The regulations also propose “California-only” mandates in privacy notices. The provisions do not clarify or explain the concepts of an insurance company’s obligation to provide a “California notice” and a “standard privacy notice.” Insurance companies are unable to understand its requirements because these two newly added terms are not defined, according to Sorich.
Moreover, the proposal would make it difficult for insurance representatives to conduct business over the telephone. The Aug. 12 version of the regulations would require the insurance company representative to give a lengthy, detailed notice of the “licensee’s privacy policies” during a telephone call with the customer.

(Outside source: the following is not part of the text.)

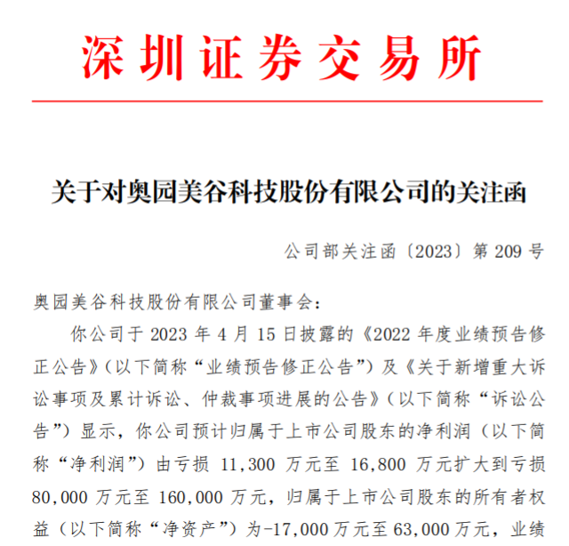 深交所表示,奥园美谷因预计2022年净资产为负,公司股票可能触及《股票上市规则》第9.3.1条规定的退市风险警示情形。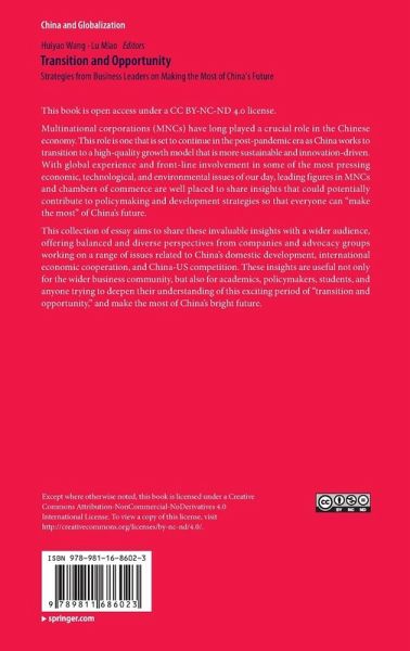 This book is open access under a CC BY-NC-ND 4.0 license. Multinational corporations (MNCs) have long played a crucial role in the Chinese economy. This role is one that is set to continue in the post-pandemic era as China works to transit to a high-quality growth model that is more sustainable and innovation-driven. With global experience and front-line involvement in some of the most pressing economic, technological, and environmental issues of our day, leading figures in MNCs and chambers of commerce are well placed to share insights that could potentially contribute to policymaking and…mehr

“It is impractical and would create impossible compliance requirements,” Sorich said.
Finally, the draft fails to give insurers enough time to put new compliance systems into place. The revision establishes an effective date of 120 days after the regulations are filed with the Secretary of State. Instead, regulations should be set at 12 months after the filing to give insurers a fair opportunity to make and fully implement necessary system changes.
“The time frames and content for the regulations’ privacy notices outlined in these provisions would require insurers to create unique compliance programs for California,” Sorich said. “These questionable and unjustified provisions should be deleted or significantly amended.”